Полная версия
Темное пламя любви
Ольгушка раньше и знать не знала, что сказки-рассказки вроде тех, которыми в Курдушах бабки малолеток пугают да которыми девки на вечорках друг дружке головы морочат, можно записать да на бумаге напечатать, чтобы другие люди могли прочесть и подивиться. Ох, как же она любила эту книжку! Но когда родители ее ненаглядные в одночасье померли от черной немочи и поп с попадьей из соседнего села Берложье сироту взяли к себе в приемыши, избу Васнецовых сожгли вместе со всем добром. И книжка там же сгорела. А девочку увели в Берложье голую да босую: все с нее до последней нитки, даже крест крестильный вместе с гайтаном, в огонь бросили, и волосы ее тоже сожгли, обрив Ольгушку наголо…
Иногда ей казалось, что попадья и ее саму в огонь охотно бросила бы как ведьмину дочку да ведьмакова выкормыша, которые мало что от страшной болезни сами померли, но и всю деревню заразить могли бы. Да, на Ольгушкино счастье, отец Каллистрат вступился. Чуть ли не все Курдуши, да и Берложье заодно, против него поднялись, опасаясь, что Ольгушка может всех погубить, если в ее теле хворь поселилась, однако же отец Каллистрат был силен духом да крепок телом: он не побоялся озверелым от страха мужикам да бабам пригрозить.
– Хоть и сказано в Библии, что мужчины и женщины, кои станут вызывать мертвых или волховать, да будут преданы смерти, но Васнецовых судия вышний уже осудил, не вам тщиться ему уподобиться! – вскричал он. – Довольно того, что, подобно нецыям[1] языческим, вы отправили на небеса две несчастные души огненным путем, лишив их тела отпевания, христианского погребения и примирения с Господом! Довольно! Смертоубийства не допущу! Коли тронете девчонку, я вместе с ней в огонь брошусь, а не пустите меня, прокляну и деревню, и село навеки, церковь замкну и приход брошу. У благочинного просить буду, чтобы меня в другое место перевели, где люди не такие дурные да жестокие! Скажите спасибо, что я еще к становому не поехал, чтобы на вас донести, глупые вы разбойники! Кому угодно можете врать, будто пожар у Васнецовых сам собой вспыхнул, глядишь, несведущий и поверит, но если вы дочку их порешите, тогда уж точно всем скопом в острог пойдете!

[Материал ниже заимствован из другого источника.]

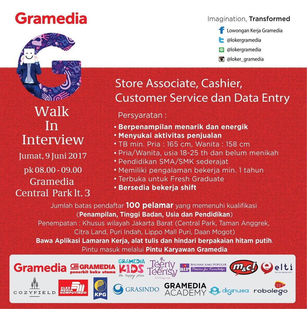 Open Daily Interview Toko Buku Gramedia Penempatan Jkt Tangerang Januari 2018 Serangid

Угроза подействовала. Народ от догорающего дома попятился… Ольгушка помнила: пламя, которое отражалось в злобных глазах, постепенно гасло, как гасла людская злоба… однако девочку никто приютить не захотел – ну еще бы, ведьмакова дочка, ведьмин выкормыш! И тогда отец Каллистрат заявил своей жене, Ольгушкиной тетке Лукерье, что Ольгушка теперь будет жить у них, и горе Лукерье, если с головы племянницы хоть волосок упадет.
– Какова ни была грешна твоя двоюродная сестра, а дочь ее – твоя кровь! – сурово изрек отец Каллистрат. – Подрастет – отдадим ее в монастырь, грехи родительские замаливать… да заодно и твои, – добавил он шепотом, уверенный, что никто, кроме тетки Лукерьи, его не слышит.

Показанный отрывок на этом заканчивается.